3. If more than one neighborhood can exist in one postal code area then combined them into one row with the neighborhoods separated with a comma.

In [5]:
data = []
for i in range(1,len(rows)):
    tds = rows[i].find_all('td')
    temp = [td.text.replace('\n', '') for td in tds] #Clean data ie remove 'next line' character
    if temp[1]!='Not assigned': #Case 1
        data.append(temp)
        if temp[2] == 'Not assigned': # Case 2
            temp[2] = temp[1]
        temp[2] = temp[2].replace(' /', ',') #Case 3
#         print(temp)    

In [6]:
data[:3]

[['M3A', 'North York', 'Parkwoods'],
 ['M4A', 'North York', 'Victoria Village'],
 ['M5A', 'Downtown Toronto', 'Regent Park, Harbourfront']]

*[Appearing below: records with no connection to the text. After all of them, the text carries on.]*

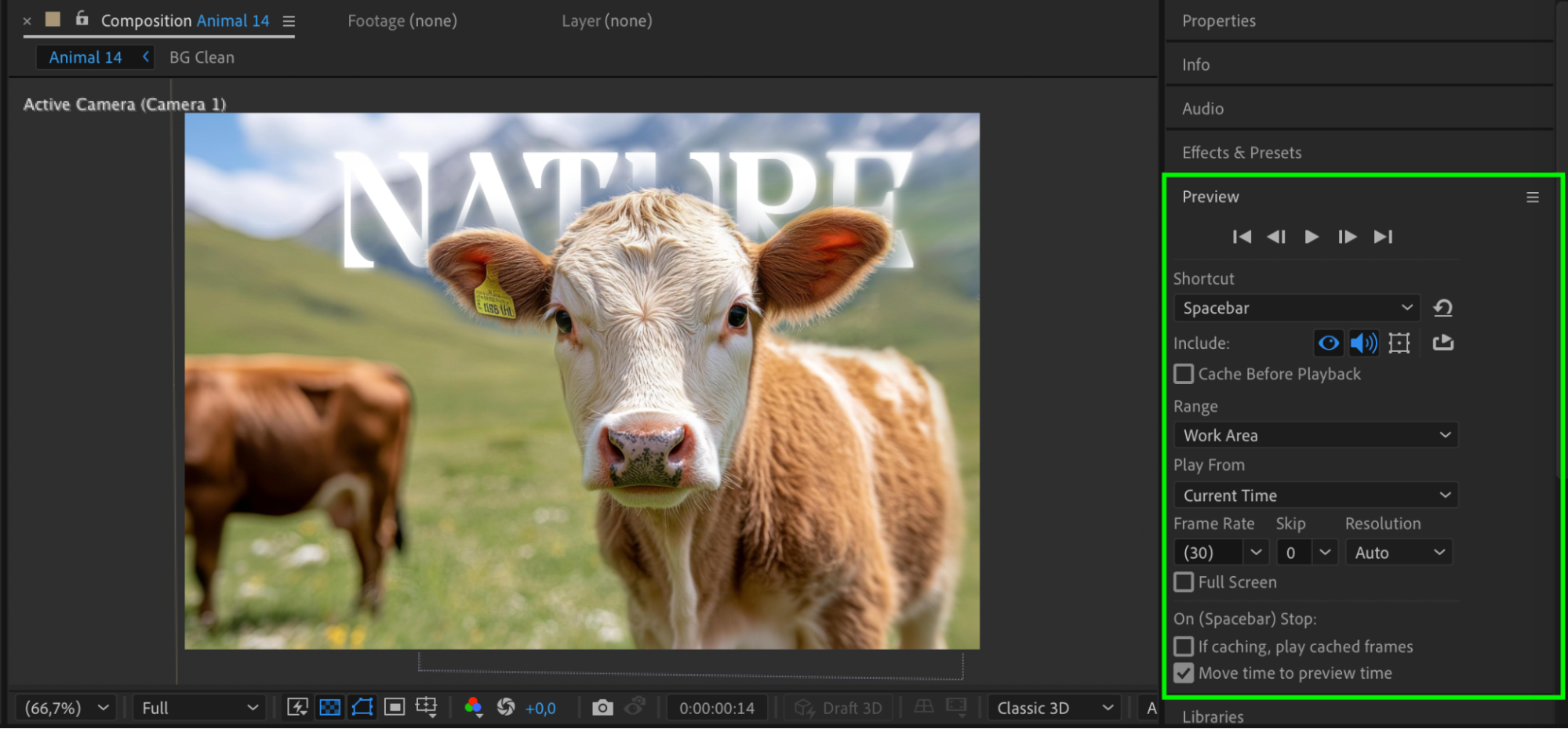 Press Spacebar to preview the animation. Make any necessary adjustments to the camera movement, blur, or depth to achieve a polished 3D effect.
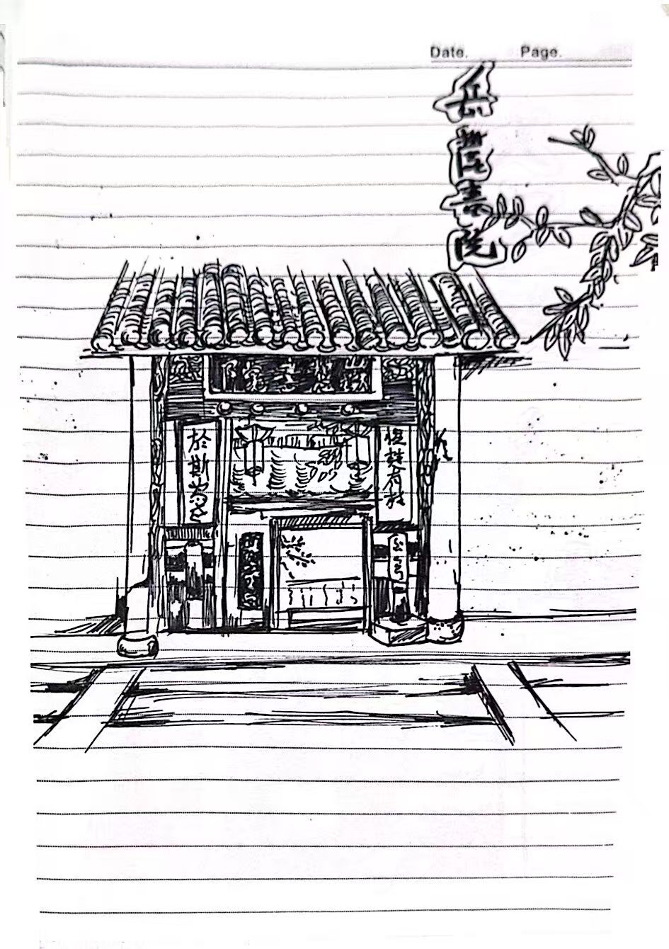 唐蕾蕾速写作品《岳麓书院》,受访者供图
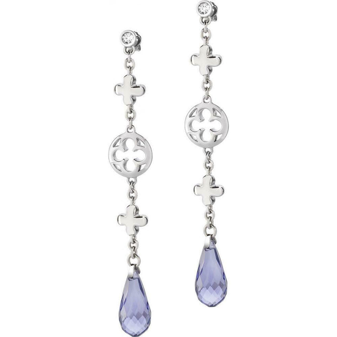 Morellato Gioielli Orecchini In Acciaio Lunghi Pietra Viola E Diamantino
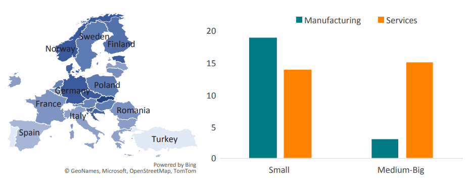Similar pattens appear when analysing small and big firms separately, even if some differences also emerge. Spain, France, Sweden, Ireland, and Norway reveal much lower pick up of AI by small firms. One big exception is again Portugal where smaller firms have a higher propensity to absorb AI than in most other countries, which probably explains its overall rate (as shown in Figure 3). And even though Germany is above the mean, other bigger markets like France and Spain are below Europe’s average in the adoption rate of AI in small firms.
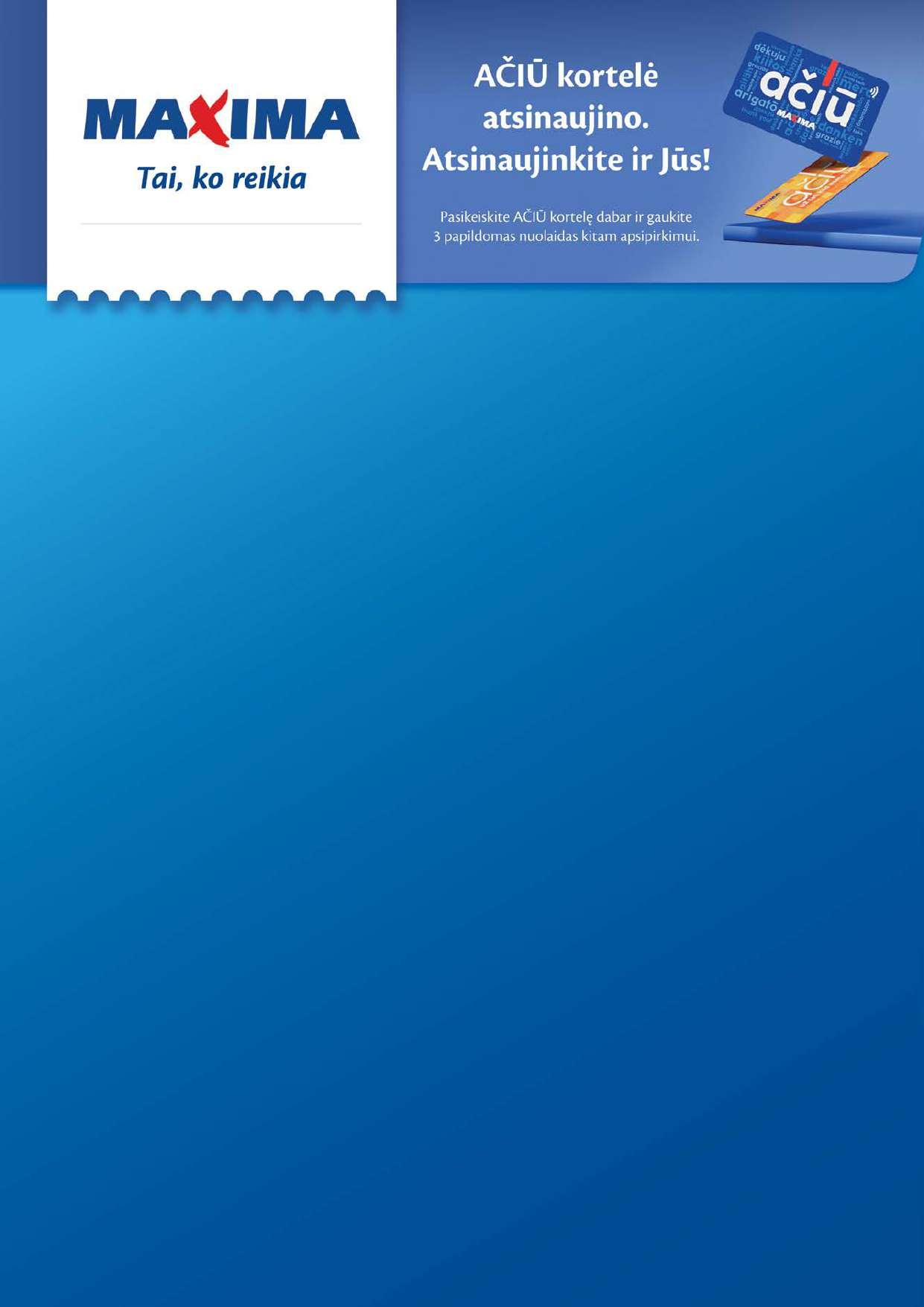 Tik spalio 1–31 d. Kainos su AČIŪ kortele taikomos MAXIMOS X, XX, XXX, XXXX parduotuvėse. MĖNESIO SUPERŽVAIGŽDĖS nuo šiol visose parduotuvėse MAXIMA! Paruošėme Jums žymių prekių ženklų pasiūlymų itin geromis kainomis. Antra prekė 1 ct* Perkant 1 makaronų DIVELA pakuotę, antra tokios pačios arba žemiausios kainos makaronų DIVELA pakuotė kvite – 1 ct** Be AČIŪ kortelės 4 09 € 2 45€ Kečupas HEINZ** 700 g 1 kg – 3,50 €; be AČIŪ – 5,84 € prieskoniams ir kepinių priedams KOTANYI**%-50 * 2 00 € 3 vnt. už Kaina su AČIŪ kortele taikoma vienam pirkėjui, perkančiam ne daugiau kaip 12 skard. Gazuotas sulčių gėrimas SAN PELLEGRINO** 3 skard. x 330 ml 1 l – 2,02 € Pasirinkite iš 4 rūšių produktams ALPRO**%-40 Kainos etiketėse nurodytos jau su nuolaida. Be AČIŪ kortelės 2 15 € 1 29€ Pieno batonėlis KINDER MAXI KING 1 pak. (3 bat. x 35 g) 1 kg – 12,29 €; be AČIŪ – 20,48 € Be AČIŪ kortelės 4 59 € 2 75€ Šaldytas KIJEVO kotletas FOOD STORIES 290 g 1 kg – 9,48 €; be AČIŪ – 15,83 € Perkant 2 ar daugiau traškučių CHAZZ pakuočių, taikoma 40 % nuolaida**%-40 * Perkant 2 ar daugiau lėtai virtiems gaminiams BIOVELA**%-40 Kainos etiketėse nurodytos jau su nuolaida. 3
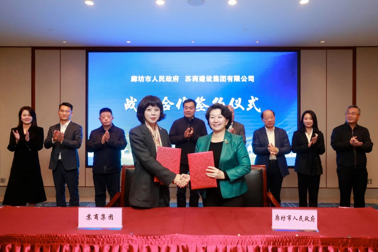 廊坊市住建局、城管行政执法局、发改委、交通局、水利局、商务局主要负责人,廊坊开发区、三河市、广阳区、安次区、固安县、永清县、霸州市主要负责人;苏商建设第二十三公司董事长李志华,苏商建设第十七公司董事长马建明,苏商建工区域总裁刘伟等参加签约仪式。
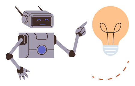Robot with mechanical arms and smiling face gestures towards a glowing light bulb. Ideal for innovation, creativity, artificial intelligence, science, invention, problem-solving, technology. A simple
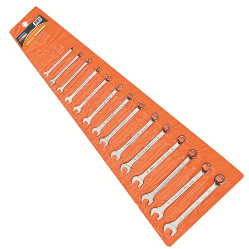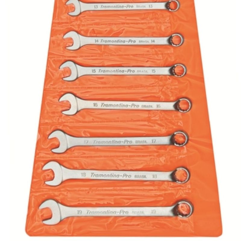 - Ideal para apertar e afrouxar parafusos ou porcas com perfil quadrado ou sextavado, as chaves da Tramontina PRO são fabricadas com matéria prima que garante alta resistência e durabilidade. Para perfeito funcionamento é importante usar a chave de tamanho compatível à cabeça da porca ou parafuso. Com as chaves da Tramontina PRO, quem passa aperto é o parafuso.Características:- As chaves de aperto são produzidas em aço ligado com cromo vanádio (Cr-V), e após submetidas a testes rigorosos de torque para atender a norma DIN 1711-1;- O novo perfil Hyper Drive, em alguns modelos de boca tipo estrela, reduz a fadiga das chaves, prolongando sua vida útil;- O teste de dureza é realizado em vários pontos para assegurar a resistência ao desgaste da chave durante o uso ininterrupto;- Alguns tipos de chaves de aperto são fornecidos em bitolas métricas e em polegadas, para os diversos fixadores disponíveis;- Afrouxar e apertar parafusos e porcas sextavadas e quadradas;- Cabeça usinada;- Pescoço longo;- Acabamento cromado;- Abertura da boca calibrada.Dados Técnicos:- Marca: Tramontina PRO;- Referência: 44660214;- Quantidade de itens: 14 Peças;- DIN 3113;- ISO 7738;- Peso: 1,39 kg.Recomendações de Uso:- Use óculos, luvas e outros equipamentos de proteção individual (EPIs) de acordo com a tarefa a ser executada;- Não golpeie as chaves, a não ser que sejam projetadas para este fim;- Sempre utilize uma chave de bitola correta para cada parafuso ou porca para que não haja folga, pois isso danifica a chave e o parafuso;- Mantenha a chave limpa para um melhor agarre, pois usá-la suja com graxa ou óleo pode causar acidentes;- Não use tubos ou extensões para obter mais torque;- Não altere a forma original das chaves;- Respeite o torque estabelecido por norma para cada tamanho de chaves;- Use a chave perpendicular ao eixo do parafuso e/ou porca. Isto aumenta a vida útil da ferramenta e torna a operação mais segura;- Armazene em local limpo e seco.Componentes Inclusos na Embalagem:- 01 Chave Combinada 10 mm Tramontina PRO (44660110);- 01 Chave Combinada 11 mm Tramontina PRO (44660111);- 01 Chave Combinada 12 mm Tramontina PRO (44660112);- 01 Chave Combinada 13 mm Tramontina PRO (44660113);- 01 Chave Combinada 14 mm Tramontina PRO (44660114);- 01 Chave Combinada 15 mm Tramontina PRO (44660115);- 01 Chave Combinada 16 mm Tramontina PRO (44660116);- 01 Chave Combinada 17 mm Tramontina PRO (44660117);- 01 Chave Combinada 18 mm Tramontina PRO (44660118);- 01 Chave Combinada 19 mm Tramontina PRO (44660119);- 01 Chave Combinada 6 mm Tramontina PRO (44660106);- 01 Chave Combinada 7 mm Tramontina PRO (44660107);- 01 Chave Combinada 8 mm Tramontina PRO (44660108);- 01 Chave Combinada 9 mm Tramontina PRO (44660109).SKU: 15009458

Create DataFrame of the list created.

In [7]:
postal_df = pd.DataFrame(data, columns=columns)
postal_df.head()

Unnamed: 0,Postal code,Borough,Neighborhood
0,M3A,North York,Parkwoods
1,M4A,North York,Victoria Village
2,M5A,Downtown Toronto,"Regent Park, Harbourfront"
3,M6A,North York,"Lawrence Manor, Lawrence Heights"
4,M7A,Downtown Toronto,"Queen's Park, Ontario Provincial Government"


Print the shape of DataFrame

In [8]:
postal_df.shape

(103, 3)